TUESDAY, APRIL 3, 1962

U.S. SENATE,

COMMITTEE ON FOREIGN RELATIONS,
Washington, DC.

The_committee met, pursuant to notice, at 11:20 a.m., in room F-53, U.S. Capitol Building, Hon. J. William Fulbright (chairman of the committee) presiding.

Present: Chairman Fulbright and Senators Sparkman, Lausche, Wiley, Hickenlooper, and Capehart.

Also present: Mr. Marcy and Mr. St. Claire of the committee staff; and Frederick Dutton, Assistant Secretary of State for Congressional Relations.

Consideration of the bill (S. 2824) To amend the Bretton Woods Agreements Act to authorize the United States to participate in loans in the International Monetary Fund to strengthen the international monetary system was held over on the request of Senator Lausche. Without objection, the committee approved for report the nomination of Robert Woodward to be Ambassador to Spain.

The CHAIRMAN. The committee will come to order.

Senator Wiley, this is Ambassador Thompson, our Ambassador in Moscow.
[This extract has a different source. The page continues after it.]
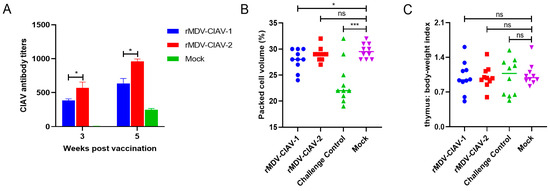 To evaluate the protective efficacy of the recombinant viruses, chickens were challenged with virulent CIAV 21 days post-vaccination, and the HCT and thymus index of the chickens were determined. Chickens in the rMDV-CIAV-1 and rMDV-CIAV-2 vaccination groups showed no clinical signs of disease during the 2-week observation period. As shown in Figure 5B, the HCT value of the chickens in the challenge control group was significantly reduced, with eight out of ten chickens showing an HCT value lower than 27%. In the rMDV-CIAV-1 group, two out of ten chickens had an HCT value lower than 27%, and no chickens in the rMDV-CIAV-2 group showed an HCT value lower than 27%. These results indicated that rMDV-CIAV-2 provides protection against CIAV-induced anemia. After challenge with CIAV, four chickens in the challenged control group showed thymus atrophy with a TBIX < 0.7, and eight and nine chickens in the rMDV-CIAV-1 and rMDV-CAIV-2 groups, respectively, were protected against thymus atrophy caused by CIAV infection (Figure 5C).
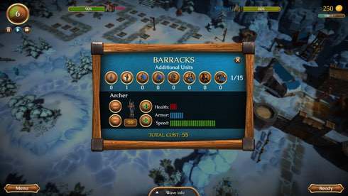 Игроку представлено 7 типов башен, каждую из которых необходимо улучшать для повышения огневой мощи и радиуса поражения. Всего доступно 3 уровня прокачки для каждой возведённой боевой оборонной единицы. Громадное влияние на ход прохождения того или иного этапа, имеет ландшафт, который изменяется до неузнаваемости на территории каждой локации, встречающейся в игре "Битва Королей". Грамотная адаптация стратегии будет первостепенной задачей. Также, на игрока возложена миссия по развитию экономики государства для получения финансирования на защитные сооружения от агрессивно настроенных врагов.

He is here for a briefing, not for any official reason—that is, no objection to be taken.

Senator WILEY. I am sure he has a lot to tell us.

The CHAIRMAN. I am, too.

We are very pleased to have you. I regret that we have several conflicting meetings this morning. Finance is meeting on the tax bill, and several others. So we won't have many members here, I am afraid. But I would like to put on the record whatever we can, so we will have it available for their information-anything you have to say.

There have been some very interesting recent developments in your part of the world.

If you will just say in your own words whatever you think is appropriate for the information of the committee, we will appreciate it very much.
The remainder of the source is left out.